5.2.1.2. Alteraciones del tiempo plaquetario. Se caracterizan por una prolongación del
tiempo de hemorragia. Puede ser debido al número o a la calidad de las plaquetas. Para
reconocerlo se realiza un examen del recuento y de su función como pruebas de
adhesividad, de agregación, de determinación del tamaño y supervivencia plaquetaria.
• Púrpuras trombopénicas. Se caracterizan por una disminución en el número de
plaquetas. Pueden ser de origen central (aplasia medular, síndromes
mieloproliferativos…) o de origen periférico. Éstas pueden ser inmunológicas (púrpura
trombopénica idiopática), por hiperconsumo (coagulación intravascular diseminada), o
por distribución incorrecta (hiperesplenismo).
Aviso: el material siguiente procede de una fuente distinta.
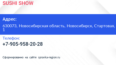 SUSHI SHOW по адресу 630073, Новосибирская область, Новосибирск, Стартовая, 1 в дальнейшем Организация, размещена в следующих категориях: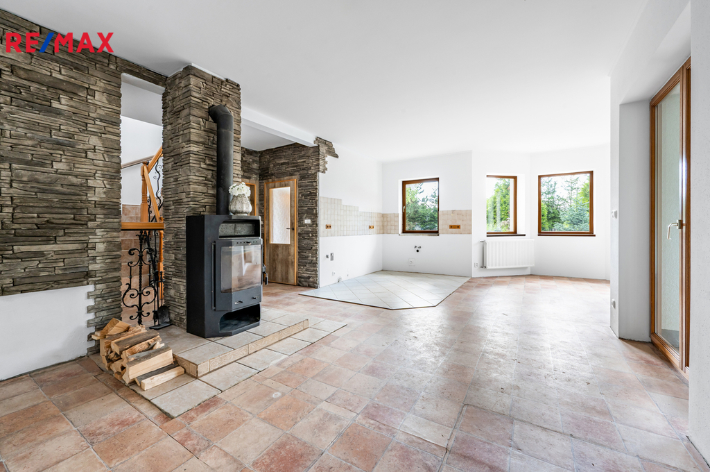 Dům o užitné ploše 157,8 m² nabízí komfortní zázemí v přírodě. V přízemí se nachází vstupní chodba se sprchovým koutem a toaletou, zasklená zimní zahrada, obývací prostor s přípravou na kuchyň, technická místnost s bojlerem Vaillant (120 l). Vytápění zajišťují krbová kamna a centrální radiátory.

• Púrpuras trombopáticas. En este caso el número de plaquetas es normal, pero su
función está alterada. Pueden ser congénitas como la tromboastenia de Glanzmann, o
adquiridas como las trombocitopatías secundarias a la insuficiencia renal, insuficiencia
hepática…
• Pacientes que por su estado, necesitan tratamiento farmacológico con antiagregantes
plaquetarios (clopidogrel, ácido acetilsalicílico, triflusal, etc).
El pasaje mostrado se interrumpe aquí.